Typical problems that arise are 1) both guitarists end up playing the same or similar parts, making everything sound muddy, or 2) both guitarists try to fill all the space, crowding one another out in the process.
Here are some tips for avoiding these problems.
1. Communicate - Many trainwrecks can be avoided by a simple conversation with the other guitarist(s) before jumping into a tune. Decide up front who will play each part, who will take any solos, who will fill during the verses, etc. If you have a good idea of what the other guitarist will be doing, you're well on your way to being a great bandmate!
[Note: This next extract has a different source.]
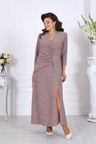 Платье женское коктейльное. Платье женское, полу прилегающего силуэта, длиной за колено. Перед отрезной по линии талии. Верхняя часть переда цельнокроеная с поясом расположенным на уровне линии талии и закреплённом в боковом шве, с 2-мя односторонними складками. Нижняя часть переда с отлетной фигурной баской, с 2-мя одно сторонними складками по линии талии. Спинка со средним швом, заканчивающимся шлицей. Горловина круглая, обточная, без воротника. Застёжка на потайную тесьму-молнию в среднем шве спинки. Рукав втачной, 2-х шовный, диной 3/4. Верхняя часть переда на притачной подкладке. Платье с плечевыми накладками. Длина платья по спинке 102 см, длина рукава 43,5 см.

2. Vary your Tone - This is primarily aimed at electric players. If possible, use a different guitar/amp/effects than the other guitarist in the band. Aim for a balance between bright vs dark, wet (heavy delay/reverb/modulation) vs dry, and clean vs dirty. Make adjustments to your gear as needed to complement the tone of your bandmate.
3. Use Different Textures - What do I mean by textures? Arpeggiated parts, power chords, double stops, octaves, bar chords, single note licks, open voiced triads, silence...all are examples of different textures. Mix and match any number of these techniques to create parts that complement what the other guitarist is playing.
4. Play Different Rhythms - If one guitarist is playing a driving eighth note rhythm pattern, you may want to try an accenting part on the 2 and 4 of each bar. Or maybe one guitarist plays a pattern that fills up the first 2 beats of the measure and the other guitarist fills up the end of the measure. The point is that you fill up different places in time with your guitar parts.